La paralysie des voies maritimes dans le détroit d'Ormuz, un passage stratégique pour le commerce mondial, représente une crise sans précédent. Actuellement, environ 1 150 navires, transportant des cargaisons d'une valeur totale de 125 milliards de dollars, sont bloqués dans le golfe Persique. Ce chiffre a été avancé par l'assureur Allianz, qui a exprimé de vives préoccupations quant aux repercussions économiques. Cette situation résulte de l'intensification du conflit entre Israël et l'Iran, déclenché le 28 février dernier.
Suite à cette offensive, l'Iran a réagi en intervenant contre des embarcations transitant dans cette clé maritime. On dénombre 46 navires touchés et 14 marins tués, selon l'Organisation maritime internationale. Allianz ajoute que les impacts de cette crise sont d'une ampleur plus conséquente que ce que beaucoup pourraient envisager.

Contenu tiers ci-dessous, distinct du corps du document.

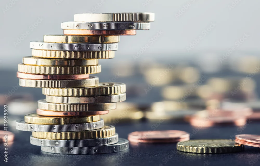 Euro coins. Euro money. Euro currency.Coins stacked on each other in different positions. Money concept.

Ce blocage va laisser des marques indélébiles, alertent les experts. "La fermeture du détroit d'Ormuz représente un tournant historique, qui pourrait régulièrement devenir une réalité inquiétante pour le secteur maritime et les compagnies d'assurance. Le risque de conflits dans la région sera accru, entraînant une altération de la stabilité maritime, redoute Allianz dans un rapport récent."
Liberté de navigation menacée
Bien que le trafic maritime reprenne lentement grâce à un accord entre l'Iran et les États-Unis, Allianz insiste sur le fait que des mesures robustes doivent être mises en place pour garantir un passage sécurisé. Les tensions persistent, et il est impératif que la communauté internationale prenne des mesures afin de garantir la sécurité des routes maritimes. Allianz met en garde contre les implications d'une dérégulation potentielle du libre passage, notant que "l'approche transactionnelle pourrait devenir la norme, ce qui serait un bouleversement des standards établis".
Au-delà des aspects géopolitiques, le secteur du transport maritime fait face à une crise de main-d'œuvre, exacerbée par la montée de l'automatisation et la transition écologique. Allianz souligne que le recrutement de marins qualifiés s'avère plus complexe dans ce contexte économique volatile, mettant en péril la résilience de la chaîne d'approvisionnement mondiale.
Actuellement, le trafic à travers le détroit a chuté à environ un tiers des niveaux observés avant la crise, avec seulement 6 à 7 millions de barils de pétrole transitant quotidiennement, selon les analystes d'ING. Cette situation exemplifie l'importance géostratégique du détroit d'Ormuz et les conséquences potentiellement catastrophiques d'une nouvelle escalade des tensions dans cette région clé.